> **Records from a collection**
—————

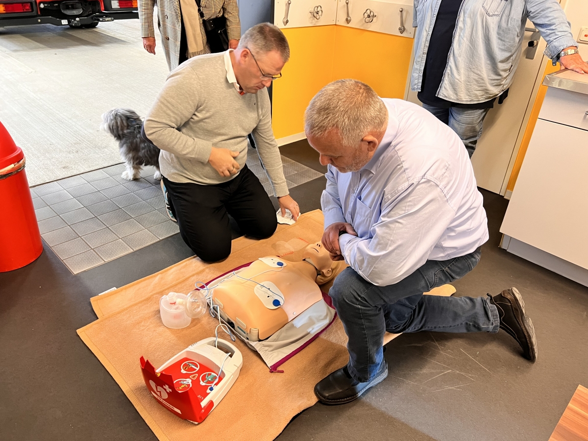 Nachdem der offizielle Teil der Sitzung erledig war, durften alle Teilnehmenden sich ein eigenes Bild von einigen Anschaffungen machen. Jeder konnten den Feuer-Trainer mit dem Feuerlöscher bezwingen sowie mit der Reanimationspuppe mit Defibrillator ein Training absolvieren. Im Nachgang wurde gemeinsam ein kleiner Imbiss genossen und nette Gespräche geführt.
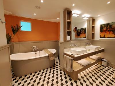 バスルームは前の客の髪の毛がかなり落ちていて清掃は×でしたが、バスタブでゆっくりできました。大きい建物なのに玄関がジブラルタルと逆側に一か所だけなので、徒歩だと少し遠く感じました。- 旅行時期
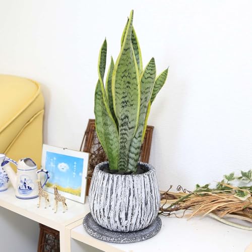 ブルーミングスケープのサンスベリア 5号は、空気を浄化するとされる観葉植物です。ブラックグレーの丸セメント鉢に、土の表面には竹炭を使用。しずくモダン形のデザインで、鉢皿付きです。
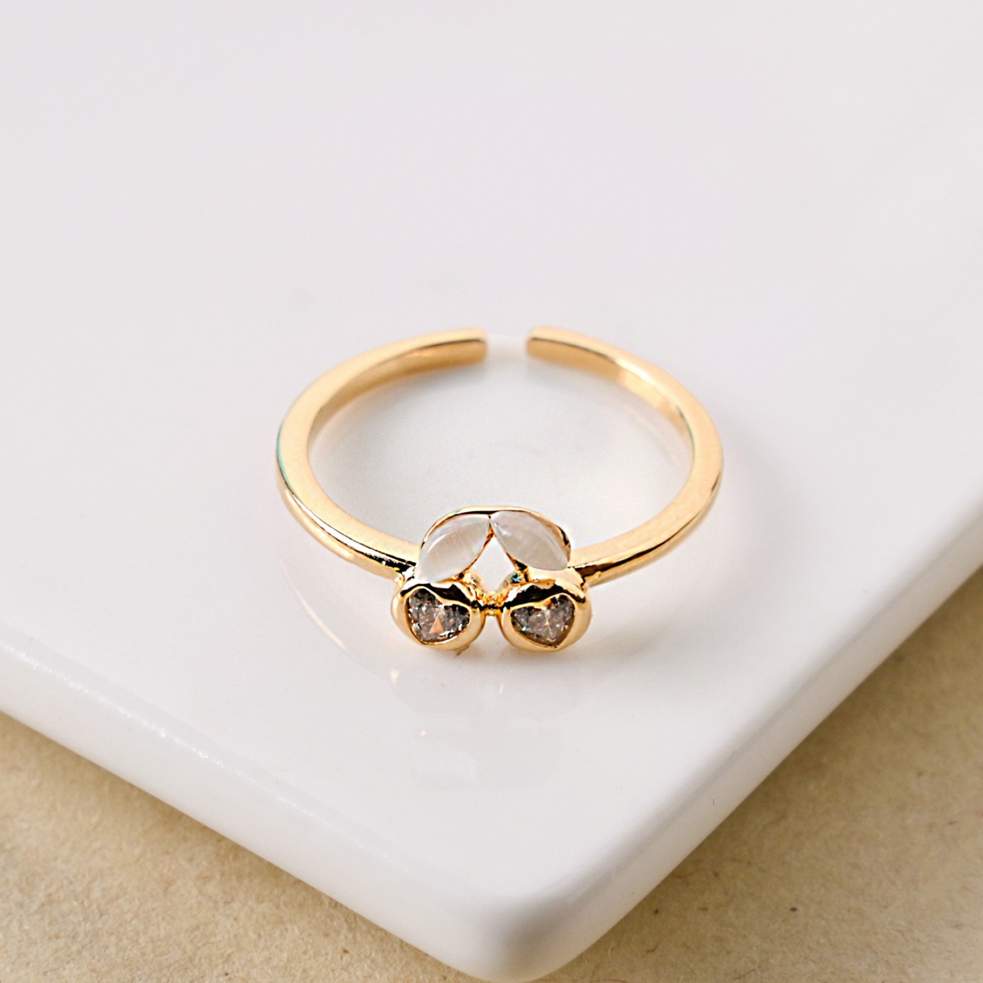 Sweet, stylish, and effortlessly unique, this gold-toned ring brings a whimsical charm to your jewellery collection. At its center, two radiant cherries take the spotlight, each crafted from a single iridescent stone that shimmers beautifully with every move. Delicate white PVC leaves add a modern contrast, making the design pop with freshness. Whether paired with casual outfits or dressed up for a night out, this ring is the perfect blend of playful allure and refined elegance.
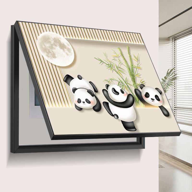 熊猫电表箱装饰画客厅电源总开关遮挡挂画多媒体箱盖板电闸箱壁画
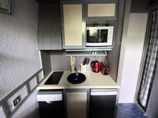 "Chalets d'Or D", 1-room studio 23 m2 on 2nd floor. Object suitable for 4 adults. Living room with 1 sofabed and 1 x 2 bunk beds, 1 pull-out bed and TV. Open kitchen (2 hot plates, dishwasher, toaster, kettle, microwave, electric coffee ...

—————

> **Exercise requirements**
Please set down the lines from the one with "熊猫电表箱装饰画客厅电源总开关遮挡挂画多媒体箱盖板电闸箱壁画" to the end of the entries above, exactly as they are, and drop every picture.

> **Result of the exercise**
 熊猫电表箱装饰画客厅电源总开关遮挡挂画多媒体箱盖板电闸箱壁画
 "Chalets d'Or D", 1-room studio 23 m2 on 2nd floor. Object suitable for 4 adults. Living room with 1 sofabed and 1 x 2 bunk beds, 1 pull-out bed and TV. Open kitchen (2 hot plates, dishwasher, toaster, kettle, microwave, electric coffee ...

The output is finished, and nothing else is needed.